Тело лежало в комнате на полу, наспех прикрытое стареньким пледом, который кто-то из полицейских позаимствовал с дивана.
Я увидел его сразу же, едва вошел в квартиру.
– Осторожно, не наступите, – посоветовал заботливый голос сзади.
Меня взяли за локоть и указали пальцем под ноги. Там простиралась обширная кровавая лужа. Лужа была старательно обведена мелом, словно кто-то пытался пародировать ранних абстракционистов.
– Семь ножевых ран, – пояснил все тот же заботливый голос над плечом. – Поэтому так много крови… Хотя хватило бы и одной: ведь каждый удар был смертельным. Видно, убивали его со знанием дела, но для подстраховки слегка перестарались!..
Я повернул голову. В углу сидел на корточках еще один полицейский, который глубокомысленно изучал содержимое распахнутого стенного шкафа.
– Минуточку, – предупредил сопровождавший меня полицейский и вышел из комнаты.
Тело под пледом лежало в естественной позе, животом вниз. Вот только ноги были широко раскинуты в стороны. Как у распятого Христа…
В комнате находился еще один полицейский, только, в отличие от своих напарников, он был в штатском. Он-то и обводил мелом очертания предметов. Вещи были беспорядочно раскиданы по всей комнате, словно здесь недавно имел место классический, полномасштабный полтергейст, но лично меня больше всего заинтересовала одна штуковина. На письменном столе, рядышком со стареньким «пентиумом», красовался кухонный нож (мой нож), с лезвия которого капала тяжелая мутная кровь.

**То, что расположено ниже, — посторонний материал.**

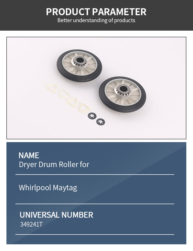 1.PARTS NUMBER: - 349241T Rear Drum Support Roller Kit. Replaces part numbers PS347627, 8170, 8205, 337089, 340352, 349241, 661562, 3389901, 3397588, 3397590, 99989678, 99989679, 26000349241, 3436, AP3098345, PS347627, EAP347627.

У самой двери по стене на уровне груди тянулась длинная грязно-алая полоса, и я сначала не понял, что это такое. Поймав мой взгляд, полицейский, изучавший стенной шкаф, поднялся с корточек и провел рукой вдоль стены, не касаясь ее. Он словно гладил ее. Тут до меня дошло: такой след мог оставить тот, кто пытался удержаться на ногах, опираясь окровавленной рукой на стену.
– Ну и наследил же этот тип ! – с непонятной интонацией проговорил полицейский, вертя ладонью перед своим лицом так, будто видел ее впервые. – А вообще-то жарковато здесь, правда ?
Я согласился, и он принялся расстегивать пуговицы на мундире. В свою очередь, я провел рукой по волосам. Они были мокрые, будто я только что вышел из душа.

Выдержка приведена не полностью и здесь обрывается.